Still another object of the present invention is to provide secondary lithium cells which maintain the amounts of such a soluble electrolyte additive within the desired range in the non-aqueous electrolyte during the useful cycle life of the cells and which prevent excessive amounts of cathode reduction discharge products from diffusing into the electrolyte.
Another object of the present invention is to provide such a soluble electrolyte additive that is compatible with all the other materials of the secondary lithium cell that are in contact with the additive and which helps to control the reactivity of the other materials of the electrolyte with the lithium anode and with the other materials of the cell that are in contact with the electrolyte.

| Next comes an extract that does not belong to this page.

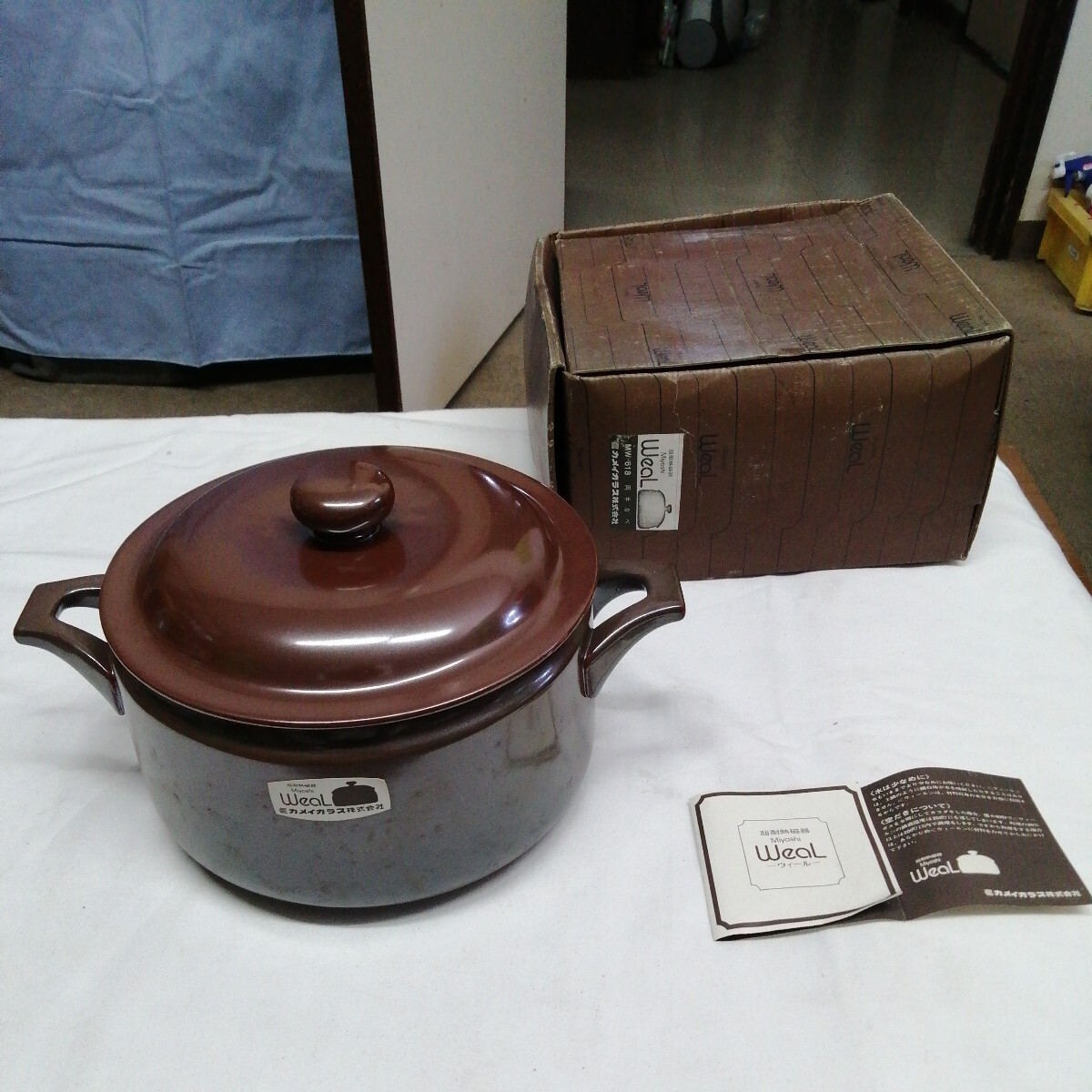 - 【カメイガラス ミヨシ ウィール 超耐熱磁器 】直火 陶磁器 両手なべ アンティーク 昭和 箱入未使用 キャンプ アウトドア 約高10.8cm
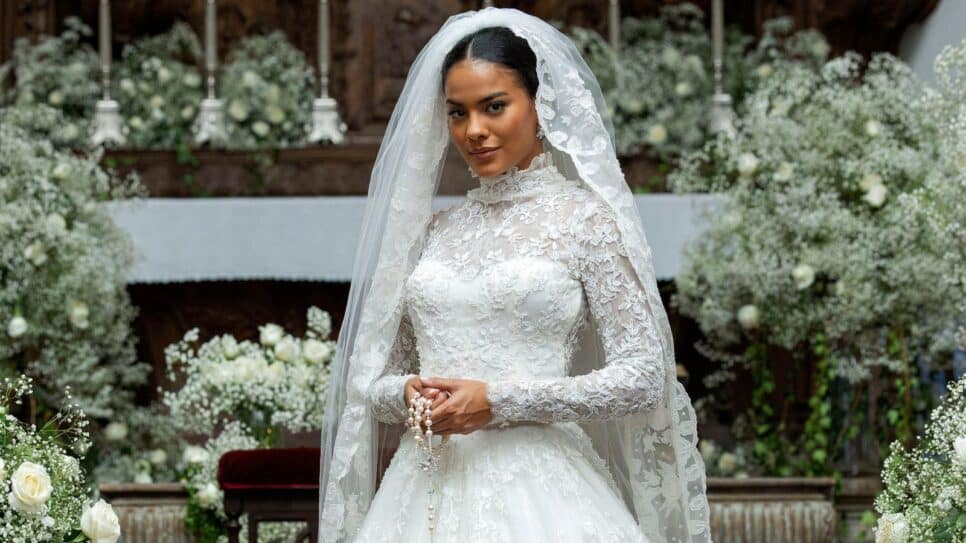 A renda é um símbolo de sofisticação e elegância na indústria da moda, e também se destaca em vestidos com mangas bufantes, longas e véu – uma metáfora visual para a ambição da personagem.

Yet another object of the present invention is to provide such a soluble electrolyte additive and non-aqueous electrolyte which is useful with secondary lithium cells which utilize elemental sulfur, organosulfur, or carbon-sulfur polymer compositions as a cathode active material.
Still another object of the present invention is to provide a process for preparing a non-aqueous electrolyte suitable for use in producing lithium metal and lithium ion secondary cells, which have increased cycle life and safety.
These and other objects of the present invention will become apparent upon a review of the following specification and the claims appended thereto.